23 February 2026 at 16:43 #74269 carolpaBRONZE MemberJust a general note in this discussion:
- only BL Passive is active with a source of the BM6500. STBY will switch out all
- BM6500 is local active as is the same source on the BL Passive. STBY in the room with the BM6500 should mute the BM6500.
- BM6500 is local active as is the same source on the BL Passive. STBY in the link room with the BL Passive should put the BL Passive in STBY.
So be very sure that de IR of the BL Passive and the BM6500 do not receive the signal at the same time.
Normal in ML : short STBY will stop only the product in the room addressed. Long STBY will put the whole system in standby.

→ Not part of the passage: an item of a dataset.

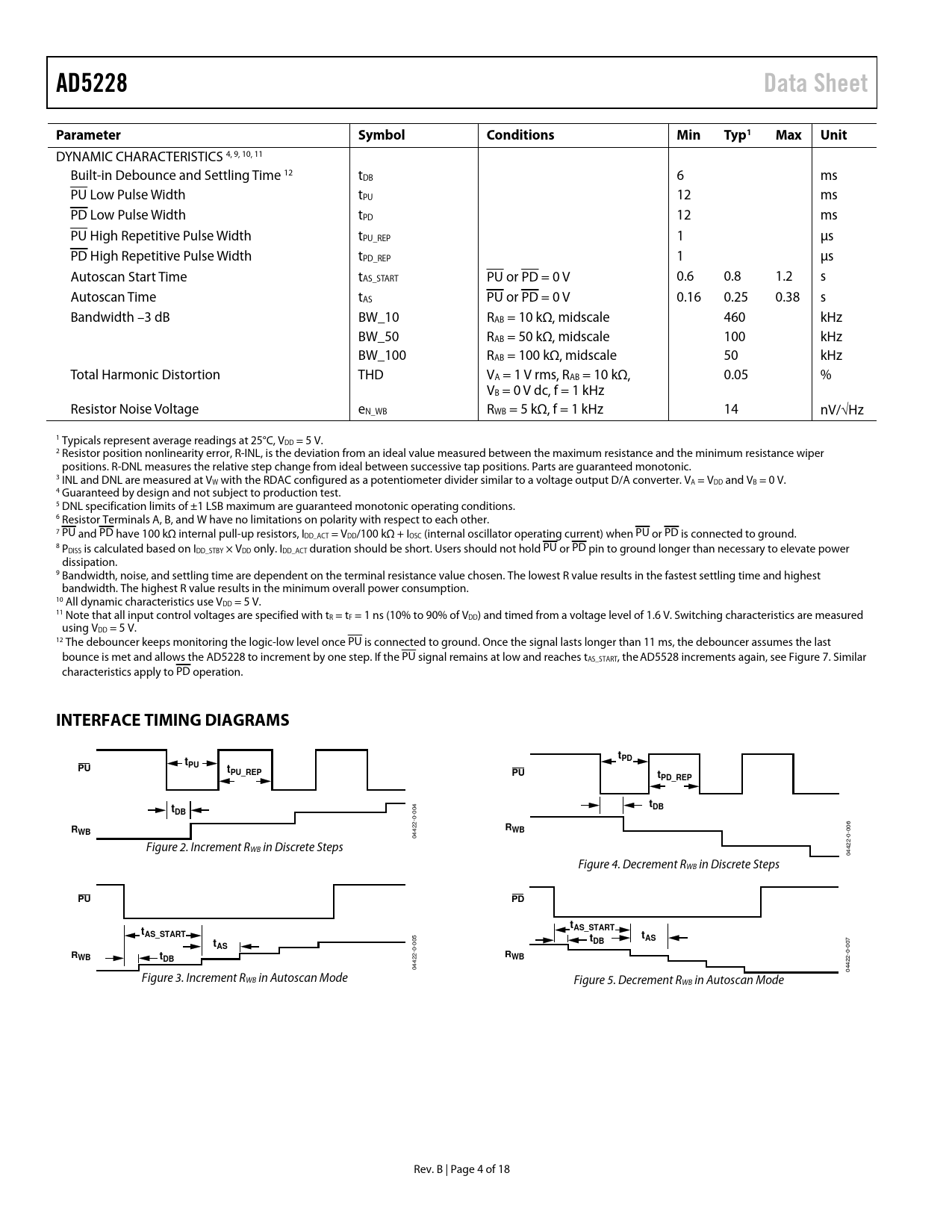 DYNAMIC CHARACTERISTICS 4, 9, 10, 11 Built-in Debounce and Settling Time 12 tDB 6 ms PU Low Pulse Width tPU 12 ms PD Low Pulse Width tPD 12 ms PU High Repetitive Pulse Width tPU_REP 1 μs PD High Repetitive Pulse Width tPD_REP 1 μs Autoscan Start Time tAS_START PU or PD = 0 V 0.6 0.8 1.2 s Autoscan Time tAS PU or PD = 0 V 0.16 0.25 0.38 s Bandwidth –3 dB BW_10 RAB = 10 kΩ, midscale 460 kHz BW_50 RAB = 50 kΩ, midscale 100 kHz BW_100 RAB = 100 kΩ, midscale 50 kHz Total Harmonic Distortion THD VA = 1 V rms, RAB = 10 kΩ, 0.05 % VB = 0 V dc, f = 1 kHz Resistor Noise Voltage eN_WB RWB = 5 kΩ, f = 1 kHz 14 nV/√Hz 1 Typicals represent average readings at 25°C, VDD = 5 V. 2 Resistor position nonlinearity error, R-INL, is the deviation from an ideal value measured between the maximum resistance and the minimum resistance wiper positions. R-DNL measures the relative step change from ideal between successive tap positions. Parts are guaranteed monotonic. 3 INL and DNL are measured at VW with the RDAC configured as a potentiometer divider similar to a voltage output D/A converter. VA = VDD and VB = 0 V. 4 Guaranteed by design and not subject to production test. 5 DNL specification limits of ±1 LSB maximum are guaranteed monotonic operating conditions. 6 Resistor Terminals A, B, and W have no limitations on polarity with respect to each other. 7 PU and PD have 100 kΩ internal pull-up resistors, IDD_ACT = VDD/100 kΩ + IOSC (internal oscillator operating current) when PU or PD is connected to ground. 8 PDISS is calculated based on IDD_STBY × VDD only. IDD_ACT duration should be short. Users should not hold PU or PD pin to ground longer than necessary to elevate power dissipation. 9 Bandwidth, noise, and settling time are dependent on the terminal resistance value chosen. The lowest R value results in the fastest settling time and highest bandwidth. The highest R value results in the minimum overall power consumption. 10 All dynamic characteristics use VDD = 5 V. 11 Note that all input control voltages are specified with tR = tF = 1 ns (10% to 90% of VDD) and timed from a voltage level of 1.6 V. Switching characteristics are measured using VDD = 5 V. 12 The debouncer keeps monitoring the logic-low level once PU is connected to ground. Once the signal lasts longer than 11 ms, the debouncer assumes the last bounce is met and allows the AD5228 to increment by one step. If the PU signal remains at low and reaches tAS_START, the AD5528 increments again, see Figure 7. Similar characteristics apply to PD operation.

23 February 2026 at 17:20 #74272Madskp
GOLD MemberDo you have the short circuit in your setups, @madskp? No idea if this is actually relevant or not.
I am not sure. Most of my stuff is in a non permanent setup, so I often switch cables between different units. I will try to check up on this when I have some time, probably in a couple of days.
Normal in ML : short STBY will stop only the product in the room addressed. Long STBY will put the whole system in standby.
That is also what the manuals for the link products describe, so even more puzzling that I can reproduce this issue with two different Audio Masters.
Will also try to look into trying with other components if the above does not change anything.